■ Extracted records:
•••••
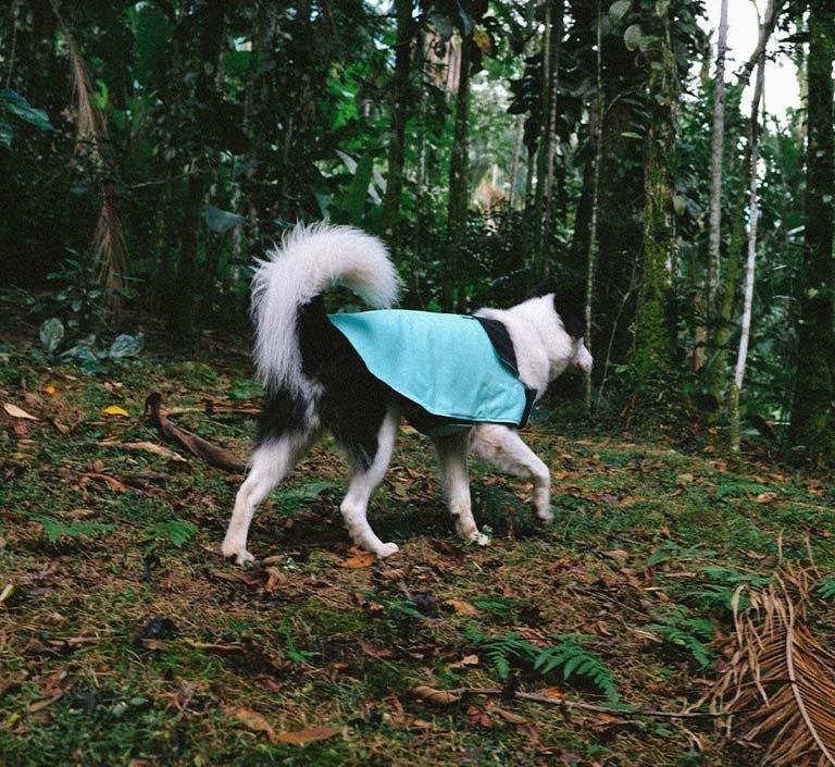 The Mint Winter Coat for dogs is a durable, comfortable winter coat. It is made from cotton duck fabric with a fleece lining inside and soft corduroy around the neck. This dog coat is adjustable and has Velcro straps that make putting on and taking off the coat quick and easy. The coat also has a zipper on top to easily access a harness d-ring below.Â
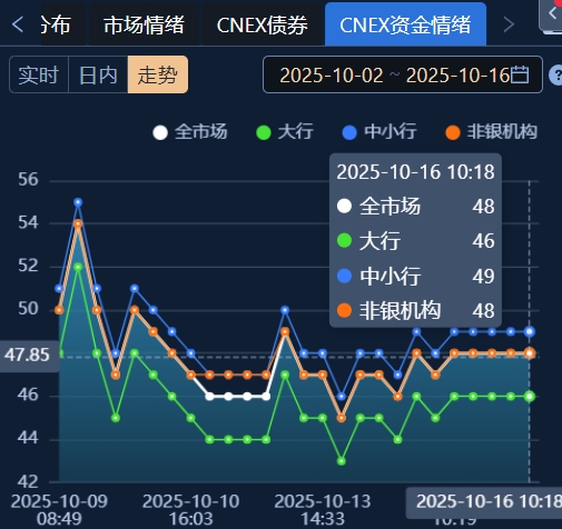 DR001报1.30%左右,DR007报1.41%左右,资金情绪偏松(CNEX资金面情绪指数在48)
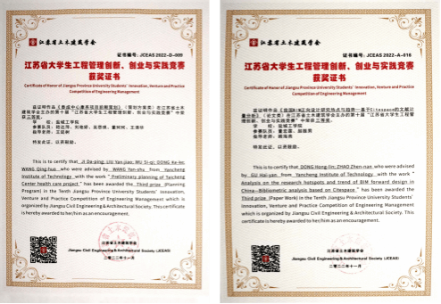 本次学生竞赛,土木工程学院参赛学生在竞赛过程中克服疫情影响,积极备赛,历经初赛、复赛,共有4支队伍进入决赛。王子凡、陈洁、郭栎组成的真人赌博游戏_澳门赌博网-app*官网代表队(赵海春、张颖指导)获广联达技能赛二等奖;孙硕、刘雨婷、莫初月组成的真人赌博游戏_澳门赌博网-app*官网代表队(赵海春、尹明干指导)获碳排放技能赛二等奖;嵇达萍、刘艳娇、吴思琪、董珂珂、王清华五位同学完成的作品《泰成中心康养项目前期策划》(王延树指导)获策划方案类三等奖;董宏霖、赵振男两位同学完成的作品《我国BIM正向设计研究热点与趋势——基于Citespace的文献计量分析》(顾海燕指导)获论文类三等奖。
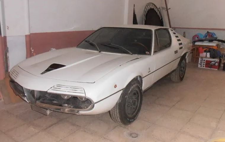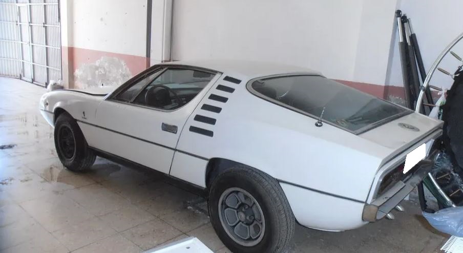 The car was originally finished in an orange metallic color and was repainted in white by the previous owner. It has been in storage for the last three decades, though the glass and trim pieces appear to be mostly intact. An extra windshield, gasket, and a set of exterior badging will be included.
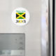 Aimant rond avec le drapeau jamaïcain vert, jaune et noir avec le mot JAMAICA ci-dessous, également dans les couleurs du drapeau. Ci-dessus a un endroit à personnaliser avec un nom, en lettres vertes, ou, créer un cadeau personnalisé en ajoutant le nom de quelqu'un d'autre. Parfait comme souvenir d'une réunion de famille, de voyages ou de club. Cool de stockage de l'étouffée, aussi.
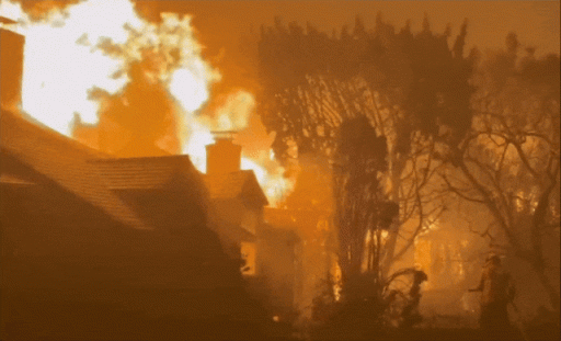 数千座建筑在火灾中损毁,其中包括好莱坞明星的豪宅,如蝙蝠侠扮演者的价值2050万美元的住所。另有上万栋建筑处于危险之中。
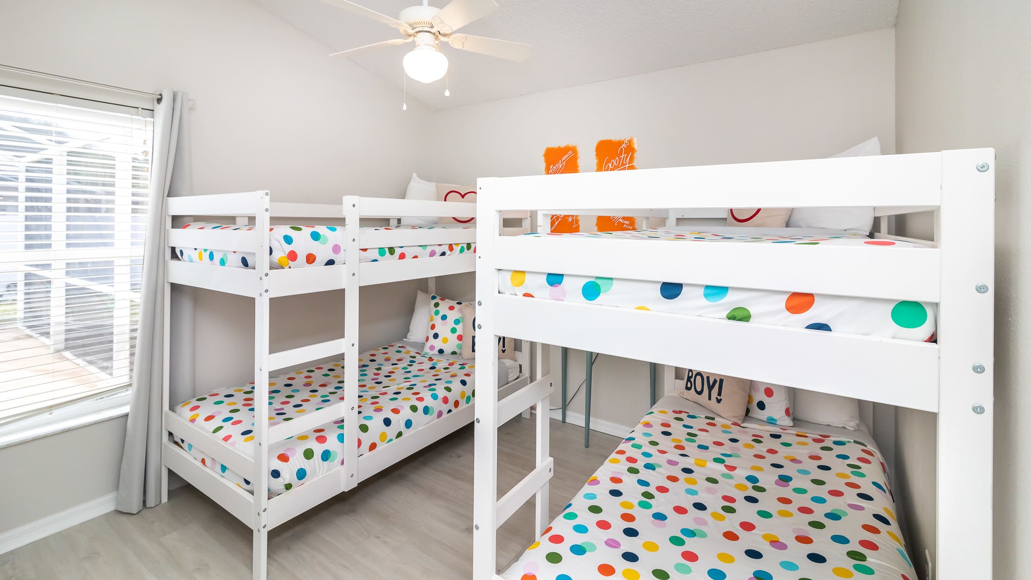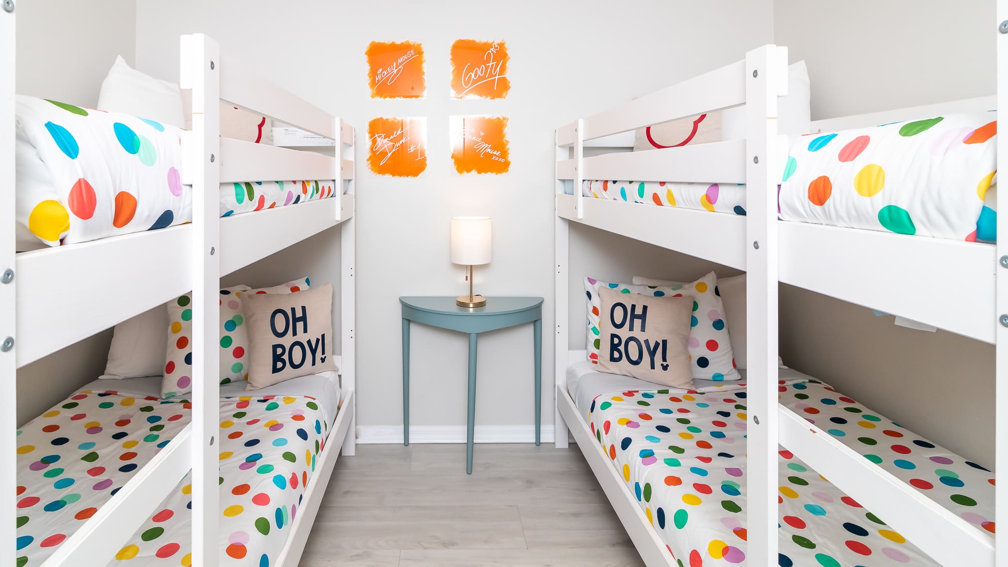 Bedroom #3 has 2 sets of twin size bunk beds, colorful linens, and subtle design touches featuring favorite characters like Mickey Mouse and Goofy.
•••••
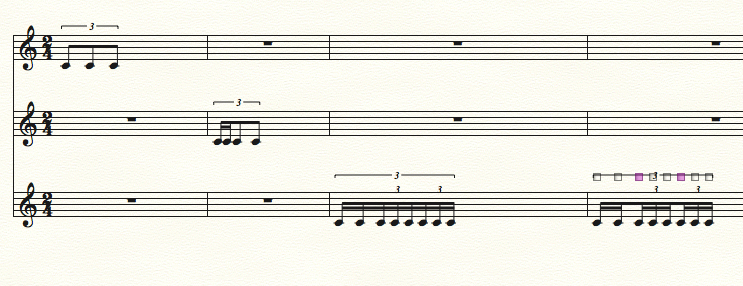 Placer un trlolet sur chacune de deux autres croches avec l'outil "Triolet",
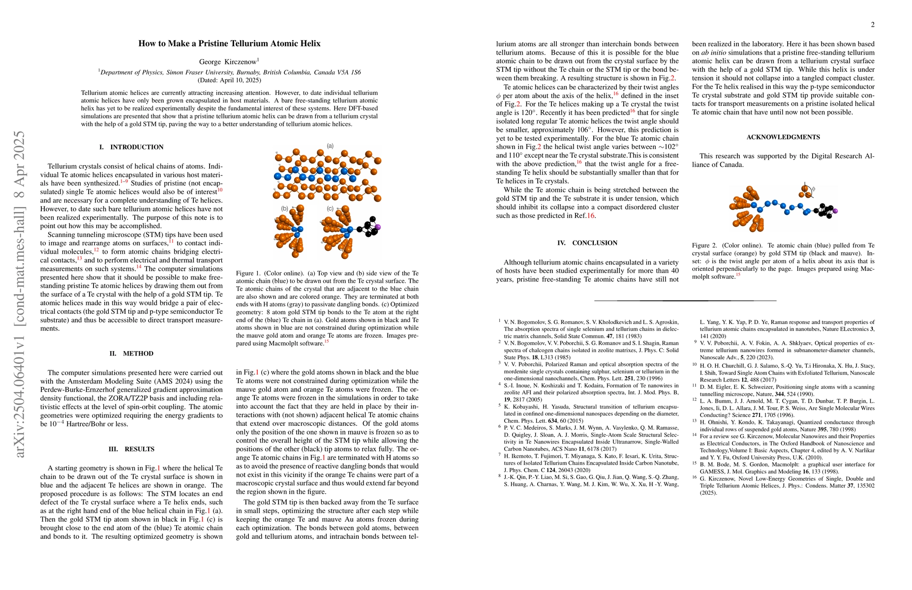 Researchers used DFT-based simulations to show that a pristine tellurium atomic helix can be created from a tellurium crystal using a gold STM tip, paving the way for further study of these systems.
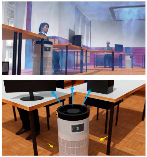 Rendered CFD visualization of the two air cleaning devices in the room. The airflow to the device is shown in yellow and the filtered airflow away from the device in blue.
•••••
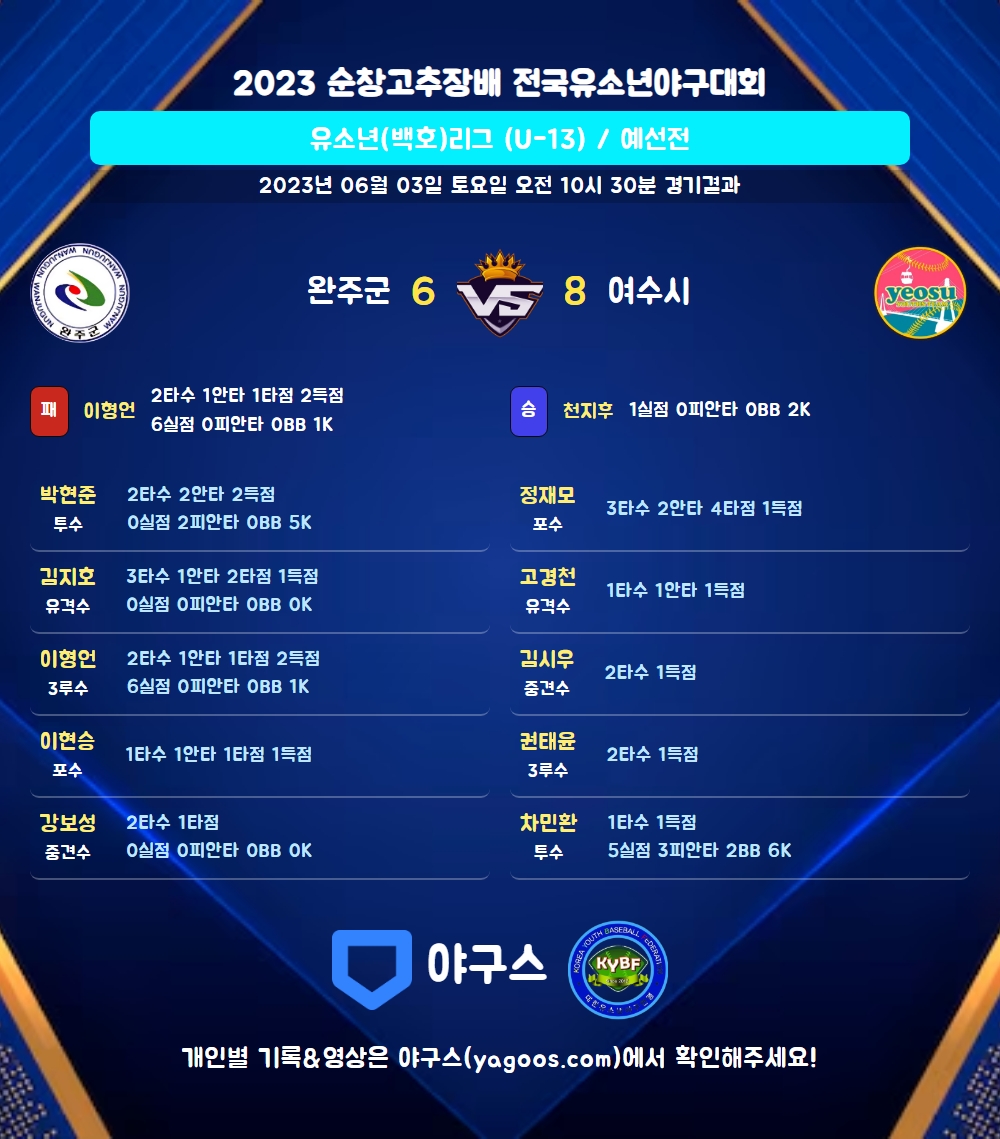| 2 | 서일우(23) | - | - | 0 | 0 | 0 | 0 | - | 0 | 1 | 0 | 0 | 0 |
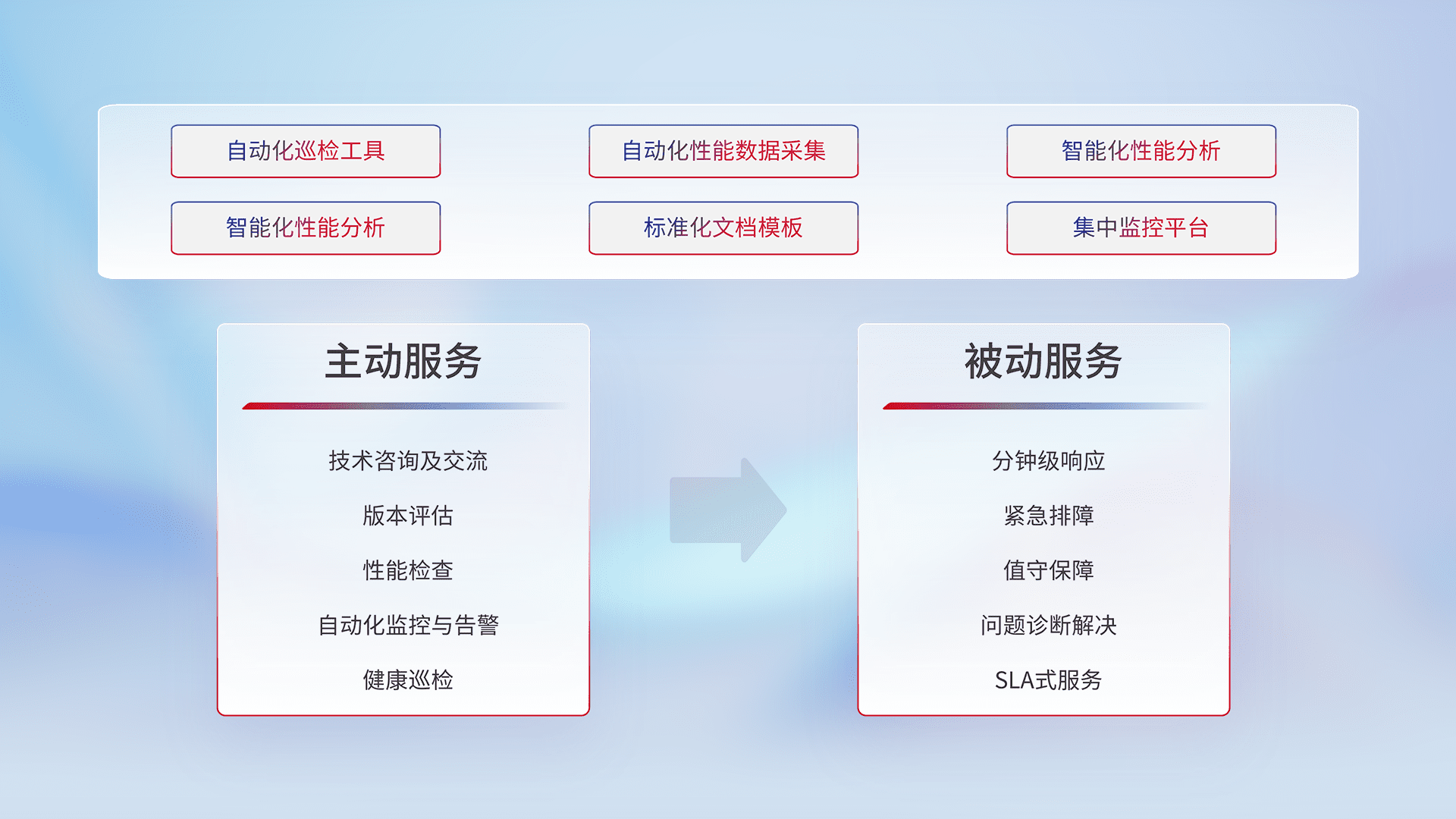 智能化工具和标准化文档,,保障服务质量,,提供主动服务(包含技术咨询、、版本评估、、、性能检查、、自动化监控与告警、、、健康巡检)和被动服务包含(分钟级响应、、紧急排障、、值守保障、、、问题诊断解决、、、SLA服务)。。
•••••
■ About this exercise: Return only the part above that opens with the line containing "The Mint Winter Coat" and closes with the line containing "The car was", exactly and with both ends, skipping the pictures.

■ Result below:
 The Mint Winter Coat for dogs is a durable, comfortable winter coat. It is made from cotton duck fabric with a fleece lining inside and soft corduroy around the neck. This dog coat is adjustable and has Velcro straps that make putting on and taking off the coat quick and easy. The coat also has a zipper on top to easily access a harness d-ring below.Â
 DR001报1.30%左右,DR007报1.41%左右,资金情绪偏松(CNEX资金面情绪指数在48)
 本次学生竞赛,土木工程学院参赛学生在竞赛过程中克服疫情影响,积极备赛,历经初赛、复赛,共有4支队伍进入决赛。王子凡、陈洁、郭栎组成的真人赌博游戏_澳门赌博网-app*官网代表队(赵海春、张颖指导)获广联达技能赛二等奖;孙硕、刘雨婷、莫初月组成的真人赌博游戏_澳门赌博网-app*官网代表队(赵海春、尹明干指导)获碳排放技能赛二等奖;嵇达萍、刘艳娇、吴思琪、董珂珂、王清华五位同学完成的作品《泰成中心康养项目前期策划》(王延树指导)获策划方案类三等奖;董宏霖、赵振男两位同学完成的作品《我国BIM正向设计研究热点与趋势——基于Citespace的文献计量分析》(顾海燕指导)获论文类三等奖。
 The car was originally finished in an orange metallic color and was repainted in white by the previous owner. It has been in storage for the last three decades, though the glass and trim pieces appear to be mostly intact. An extra windshield, gasket, and a set of exterior badging will be included.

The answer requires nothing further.